Dans la Grèce et la Rome antiques, l’hospitalité privée était une vertu et un devoir pour les citoyens riches. « Soyons bien convaincus que rien n’est plus sacré que les engagements de

l’hospitalité ; tout ce qui appartient aux étrangers est sous la protection d’un dieu qui vengera plus sévèrement les fautes commises envers eux qu’envers un concitoyen » (Platon, -346, livre Ve). Le lien

d’hospitalité entre un hôte étranger et un Romain était considéré comme plus sacré que les liens du sang ou amicaux [Smith, 1875, p. 621]. L’hôte est considéré comme un bien pour la maison . La mythologie rapporte des exemples d’hommes qui donnent l’hospitalité à des dieux : Philémon et Baucis reçurent Zeus et Hermès ; Thétis hébergea Dionysos. Les pratiques d’hospitalité privée sont fréquentes dans les pièces de théâtre de Plaute [Lécrivain, 1877].

Le citoyen romain avait l’obligation de recevoir chez lui l’étranger de même rang en voyage et de le protéger [Smith, 1875, p. 621 ; Grassi, 2001]. Il s’agissait d’une prescription à la foi civile et religieuse.
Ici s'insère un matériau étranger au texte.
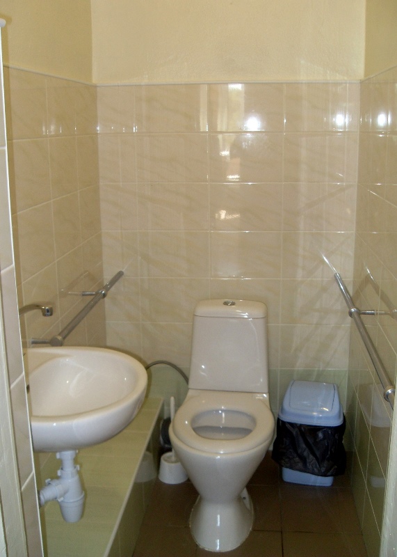 Все туалетные и душевые комнаты чистые и удобные, нет неприятного запаха. Ремонт сделан по современным стандартам, предусмотрены поручни, антискользящие коврики, кушетки, шкафы для хранения вещей, корзины для сбора белья, бельевые сушилки, горячая вода, моющие средства.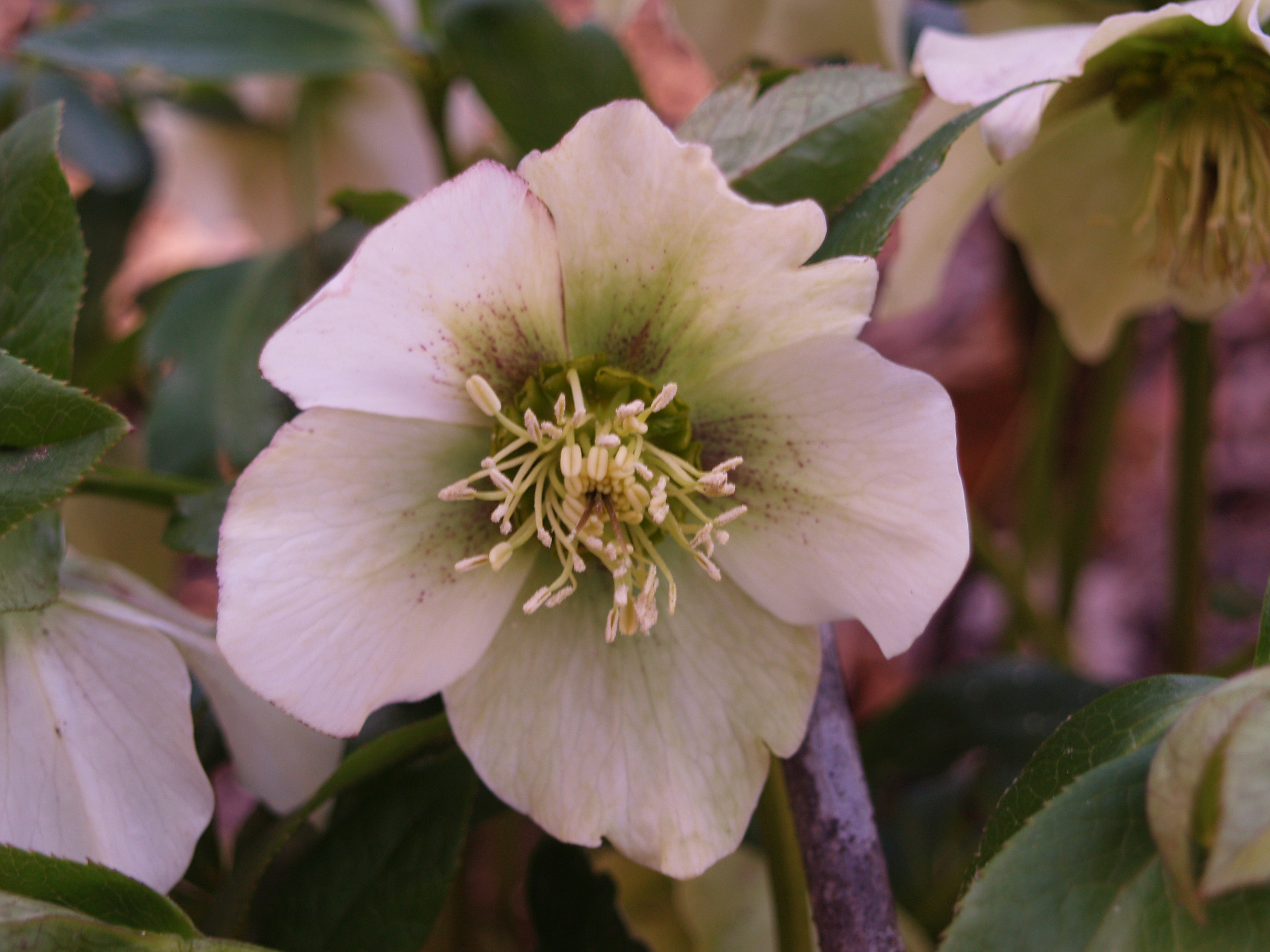 In my garden the hellebores have been planted in an area with thin, dry soil, and despite this less than ideal circumstance they thrive and seed themselves about so that there are now many seedlings that are indistinguishable from the ones I planted. Hellebores will thrive in more full sun than the spot I’ve chosen, and prefer a deeper, well drained soil (and which plants don’t), but often plants must cope with what they’re given, and hellebores have handled this with ease.

La violation de la loi d’hospitalité était considérée comme un crime et une impiété [Lécrivain, 1877]. En Grèce, on pensait que Zeus Xenios et Athéna Xenia, veillaient au respect de la loi d’hospitalité (themis xeinon) et à Rome, c’était Jupiter Hospitalis qui était considéré comme le gardien de la jus hospitii [Smith, 1875, p. 621].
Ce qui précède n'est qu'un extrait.